New rulebook to beat corruption

By RASHAD ROLLE

Tribune Staff Reporter

rrolle@tribunemedia.net

IN keeping with its pledge to tackle corruption and introduce a new standard of accountability in the country, the Minnis Administration tabled its highly anticipated Integrity Commission bill yesterday.

The bill would enshrine a new code of conduct for public officials, establish a commission to investigate alleged corruption and deepen the financial disclosure responsibilities of public officials.

The bill gives unprecedented and wide-ranging powers to the Integrity Commission, allowing it to exercise powers similar to the Supreme Court during investigations and to exercise search and seizure powers otherwise reserved for the Royal Bahamas Police Force (RBPF).

Through the bill, public officials who can’t explain the source of money and properties in their possession could be imprisoned for no less than six months and no more than three years.

The bill says: “Where a person who is or was a public official is found to be in possession of property or a pecuniary resource disproportionate to his known sources of income, and he fails to produce satisfactory evidence to prove that the possession of the property or pecuniary resource was acquired by lawful means, he commits an offence and is liable on summary conviction to a fine and to a term of imprisonment of not less than six months and not more than three years.”

The bill also makes it illegal for public officials not to disclose their knowledge of people “likely to be engaged in an act of corruption”, such people would be liable to a six months prison sentence.

The Integrity Commission would consist of seven commissioners: a justice of the Supreme Court or Court of Appeal appointed by the prime minister after consultation with the leader of the Opposition; a chartered or certified accountant of at least seven years standing, appointed by the Governor General after consultation with the Bahamas Institute of Chartered Accountants; a person who is a counsel and attorney-at-law of ten or more years, appointed by the Governor-General after consultation with the Bahamas Bar Association; a member of the clergy appointed by the Prime Minister after consultation with the Bahamas Christian Council; two people appointed by the Prime Minister on the recommendation of members of civil society; and a person appointed by the Prime Minister after consultation with the leader of the Opposition. The commissioners will be appointed for three years and eligible for one further three-year re-appointment. 

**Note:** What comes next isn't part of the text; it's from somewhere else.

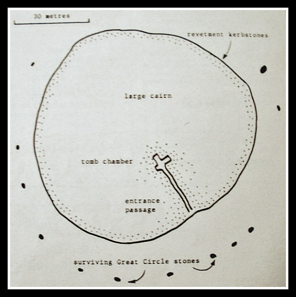 “The eastern chamber was much more ambitious in construction, especially in the width to be spanned and in the weight of the capstone that was raised into position. It was found necessary in 1961-62 to provide additional support for this great roofing stone and a buttress was built on either side of the chamber for this purpose. This chamber stands some 28ft east of the other and is itself some 12ft long, splaying in width from 5 to 7ft. A low cross-slab with broken upper edge should be noted near the eastern end within the chamber. This may have stood to a greater height, thus acting as a partial closing stone. The gap between its free end and the southern side of the chamber was found to have been filled with blocks. A gap towards the rear in the walling of the north side of the chamber may have been intentional as it was spanned only by small flat slabs and no socket for a missing upright came to light. Eastwards of the cross-slab, the projecting walls of the chamber provided a kind of covered portico; then there was an open area bounded by small uprights of various heights, more or less continuing the shape of the portico. Finally, all this area the cross-slab outwards was sealed up with a massive blocking of sloped slabs and cairnstones.
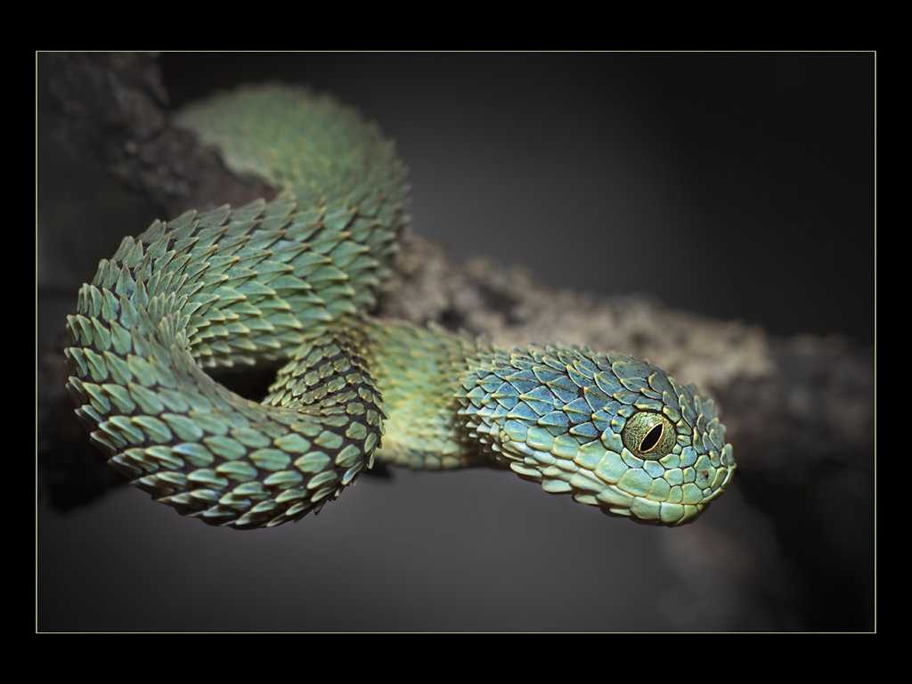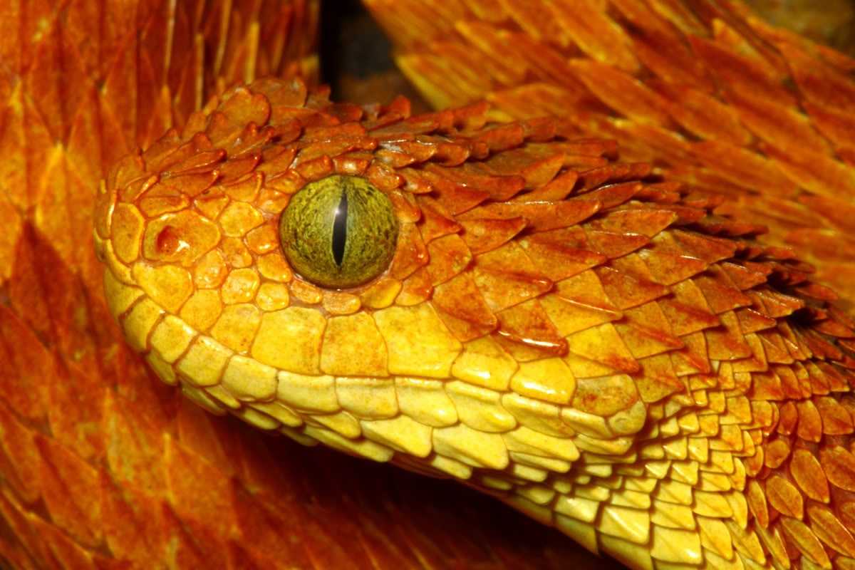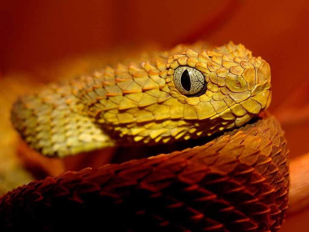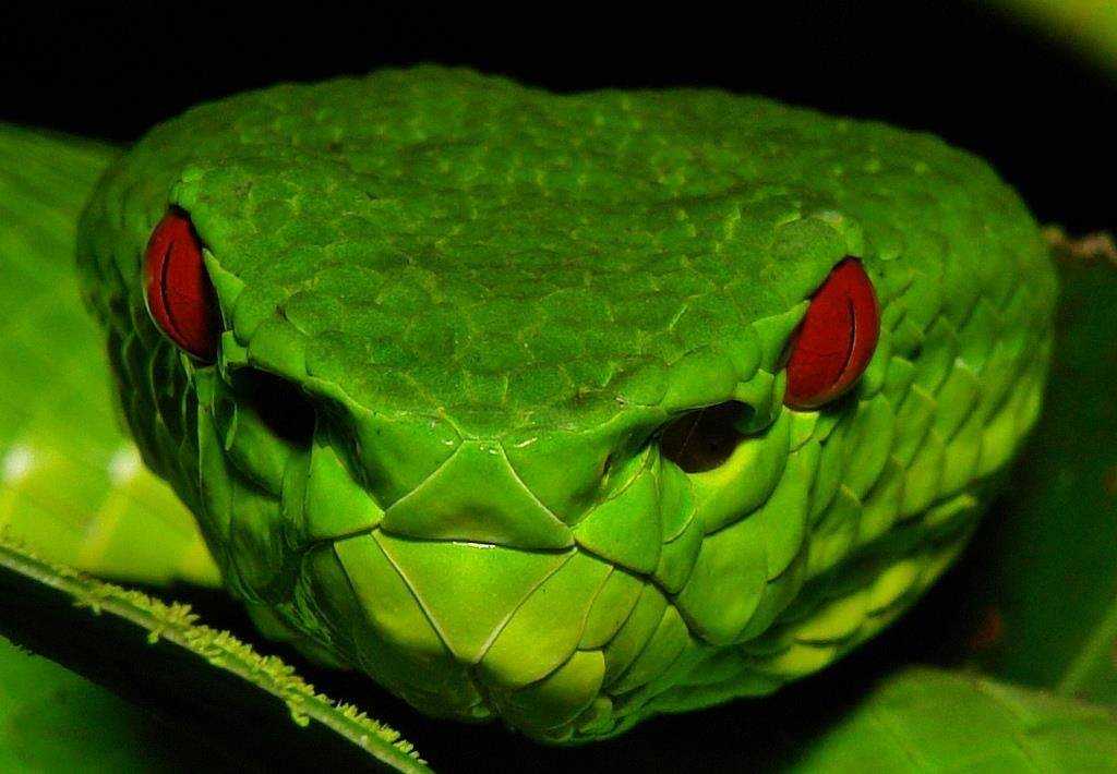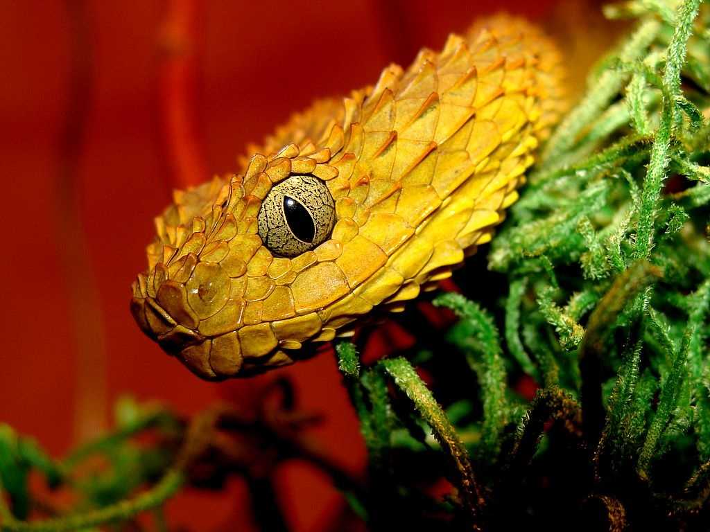 5. Гадюка-носорог. Верхняя часть тела яркой, красивой рептилии покрыта разнообразными геометрическими фигурами, окрашенными в 15 оттенков красного, синего, зелёного, жёлтого. Брюхо серого цвета с черными вкраплениями.

The Integrity Commission will be empowered to employ “investigating officers,” people who would not be members of the Royal Bahamas Police Force (RBPF) and therefore not subject to the Police Force Act, police regulations or police force orders.

The commission’s investigating officers will have the power to arrest and execute search warrants.

A panel consisting of a magistrate or justice or retired magistrate or justice, the Commissioner of Police and one other person appointed who is not a former or current member of the RBPF will comprise the complaints panel and will have the power to investigate the way the Integrity Commission deals with complaints against investigating officers.

The bill would empower the Integrity Commission to “examine practices and procedures of public bodies in order to facilitate the discovery of corrupt practices, and to secure the revision of methods of work or procedures which, in its opinion, may be conducive to such corruption.”